Suppose we have two standard normal RVs that are not independent. We can construct them so that the covariance can range from -1 to 1. (At the extremes, $X_1 = -X_2$ and $X_1=X_2$).

Now consider the general case of $n$ standard normal RVs that are not independent. We consider the average covariance of pairs of these rvs, that is $E[\mathrm{Cov}(X_i, X_j)]$. I have the notion that as $n$ increases, the bounds of $E[\mathrm{Cov}(X_i, X_j)]$ narrow--is that correct?

For example, suppose we have three RVs, and $X_1 = X_2$, with $X_3$ being completely independent of both. Then the average covariance is $1/3$. Is that the most extreme possible with three RVs? If not, what is the most extreme possible value and how does it scale with $n$?

Answer 1

From an answer of mine over on stats.SE.....

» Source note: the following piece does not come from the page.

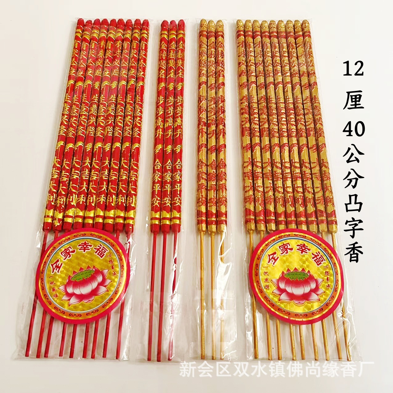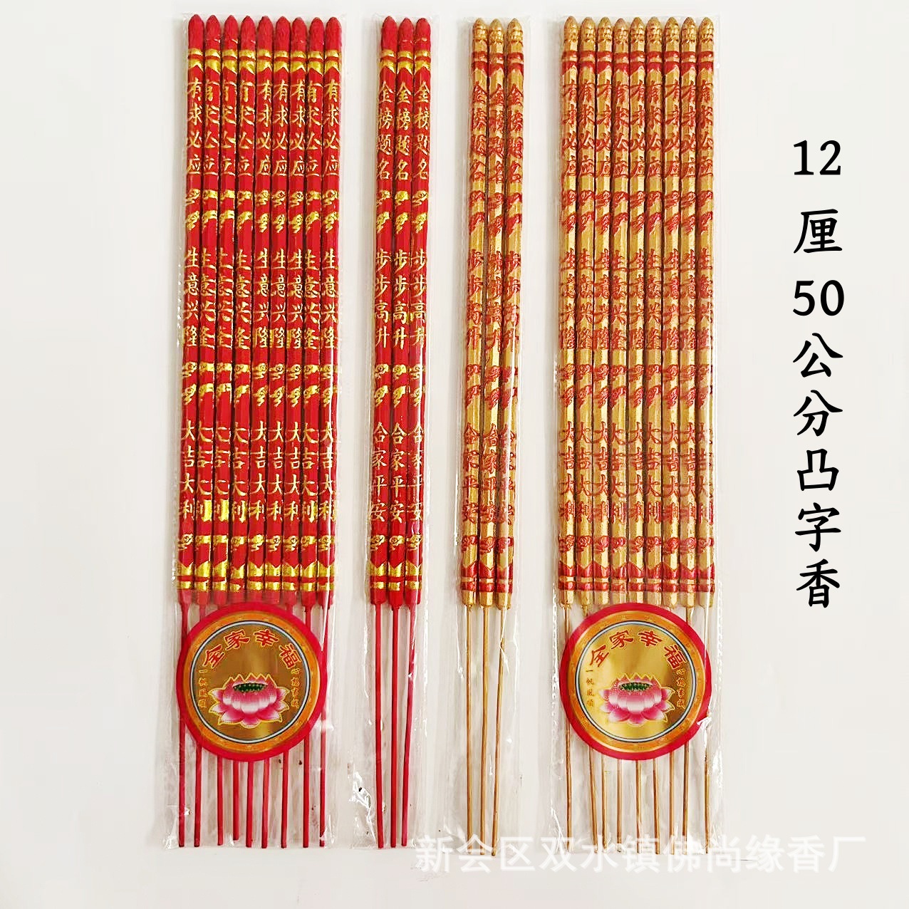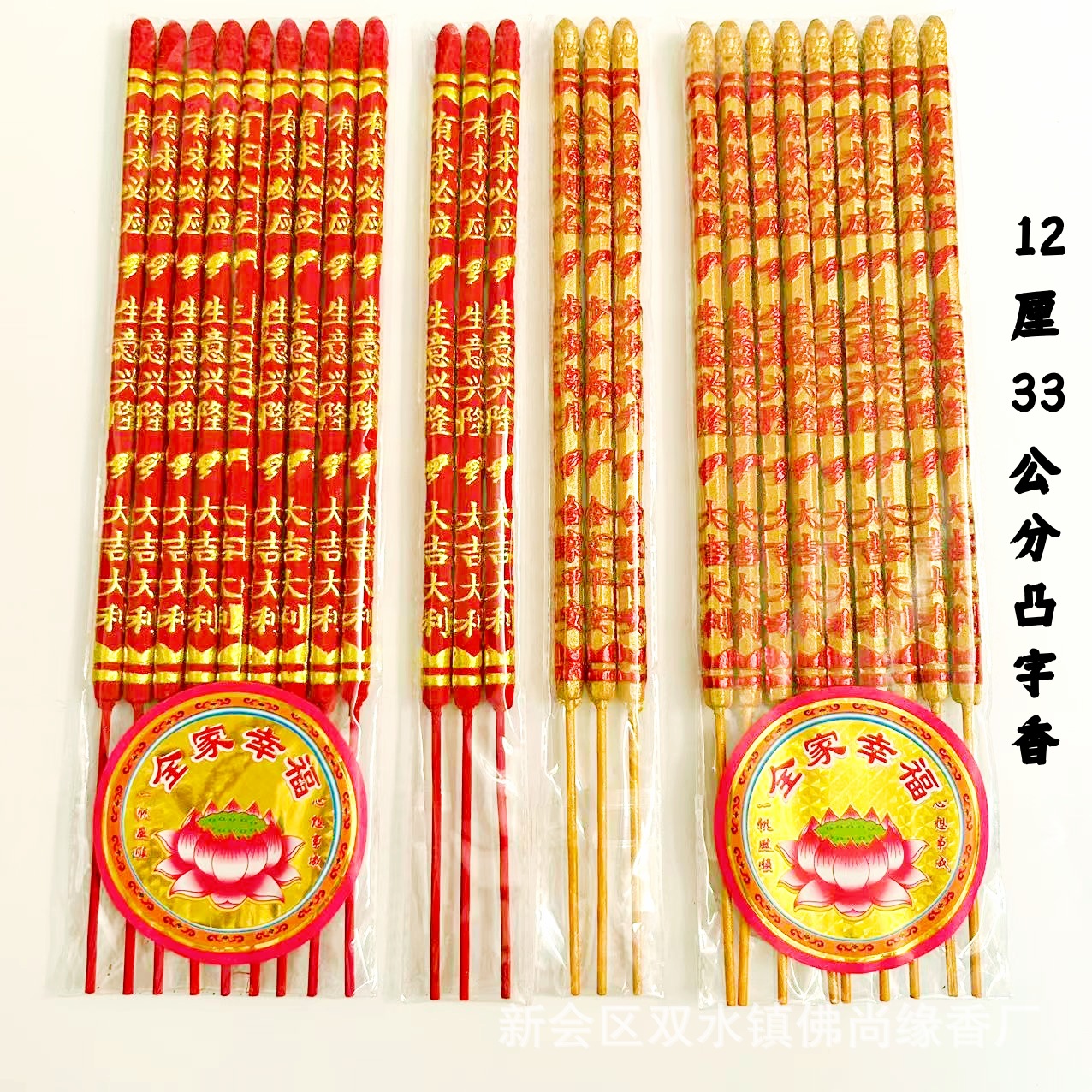12厘凸龙凸字香9根5060公分中国红佛香批发厂家直销竹签香

Consider the variance of the sum of $n$ unit variance random variables $X_i$. We have that $$\begin{align*} \operatorname{var}\left(\sum_{i=1}^n X_i\right) &= \sum_{i=1}^n \operatorname{var}(X_i) + \sum_{i=1}^n\sum_{j\neq i}^n \operatorname{cov}(X_i,X_j)\\ &= n + \sum_{i=1}^n\sum_{j\neq i}^n \rho_{X_i,X_j}\\ &= n + n(n-1)\bar{\rho} \tag{1} \end{align*}$$ where $\bar{\rho}$ is the average value of the $\binom{n}{2}$correlation coefficients. But since $\operatorname{var}\left(\sum_i X_i\right) \geq 0$, we readily get from $(1)$ that $$\bar{\rho} \geq -\frac{1}{n-1}.$$

As another answer to the same question shows, the maximum value of $\bar{\rho}$ is $1$.

Answer 2

As an intermediate step, you can ask, for which $r$ is the $n\times n$ matrix all of whose diagonal entries are all equal to $1$ and whose off-diagonal entries are equal to $r$, positive semidefinite? Answer:

$$-\frac 1{n-1}\le r \le 1.$$

More generally, if $M$ has $1$'s on the diagonal, and is positive definite, then $\sum_{\sigma\in\mathcal S_n} \sigma M\sigma'/n!$ is as well, where the summation extends over all permutation matrices.